Estos básicamente tomaron a un grupo de personas que se declaraban abiertamente demócratas o republicanos. Durante un mes, les obligaron a seguir un bot de Twitter que retuiteaba opiniones de líderes de opinión e instituciones contrarias a sus ideas: los conservadores eran bombardeados con ideas liberales y los demócratas recibieron un aluvión de opiniones conservadoras.

Acabado el experimento, los demócratas se habían vuelto ligeramente más liberales y los republicanos eran mucho más conservadores. En resumen, unos y otros se habían reafirmado en sus ideas.

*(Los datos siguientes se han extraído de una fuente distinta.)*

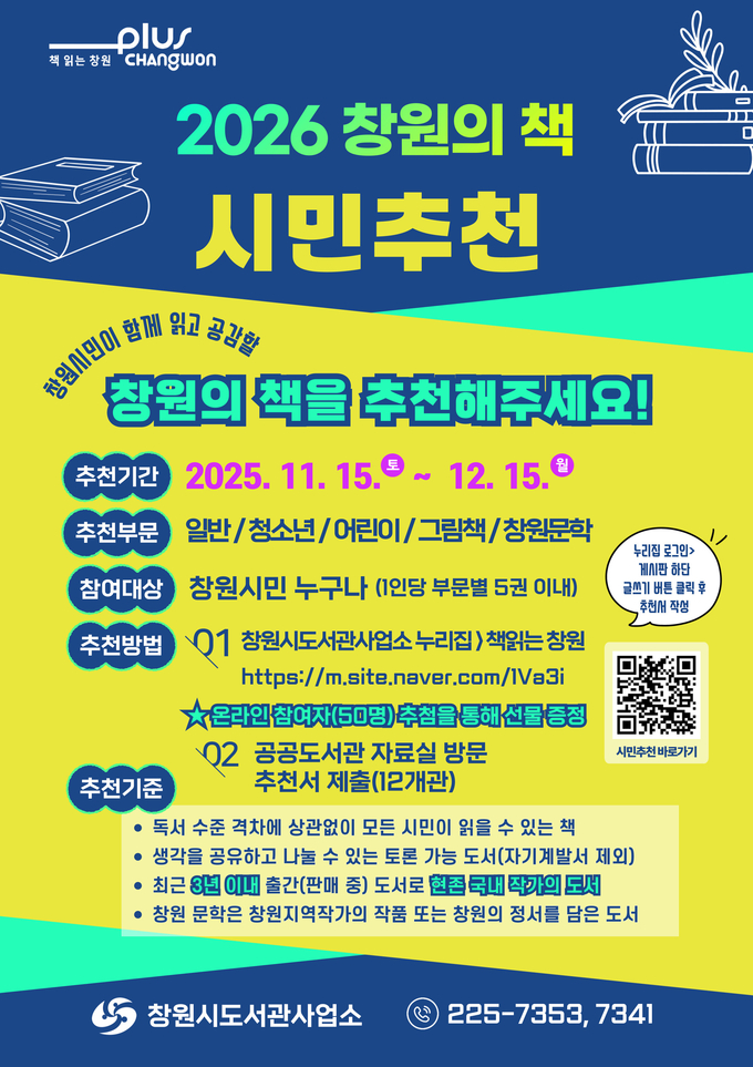 이승룡 도서관사업소장은 “2026년 책 읽는 창원을 시작하는 첫 발걸음으로 ‘2026 창원의 책’ 시민 추천을 진행한다.

El estudio, explica por teléfono María Lázaro, psicóloga y autora del libro Redes sociales y menores (Anaya Multimedia) no solo hizo importantes aportaciones acerca de cómo se construyen las opiniones, sino que hizo tambalearse la teoría de la cámara de eco, que dice que las redes sociales polarizan porque uno solo lee en ellas lo que quiere leer.

El artículo mostró, sin embargo, que incluso cuando uno lee lo que no quiere leer, el ser humano tiende a actuar como un niño que se tapa los oídos y empieza a cantar para no escuchar a sus padres.

Pero es precisamente en la infancia donde Lázaro ve un resquicio para la esperanza.

"Mi percepción es que se identifica al que se muestra más rígido más con el que tiene más autoridad y el que más vale. Es un tema educativo. De lo que se trata es de debatir, confrontar y plantear argumentos sin imponerlos", subraya la experta.

"Es una labor que hay que hacer tanto desde la escuela como desde la familia. Nos hace mucho daño esa idea de que al colegio se va solo a aprender conceptos. Por otra parte, yo sí creo que vamos a mejor porque hay cada vez una mayor preocupación sobre esto. Se están tomando medidas, como el reciente protocolo del Gobierno para combatir el discurso de odio en internet".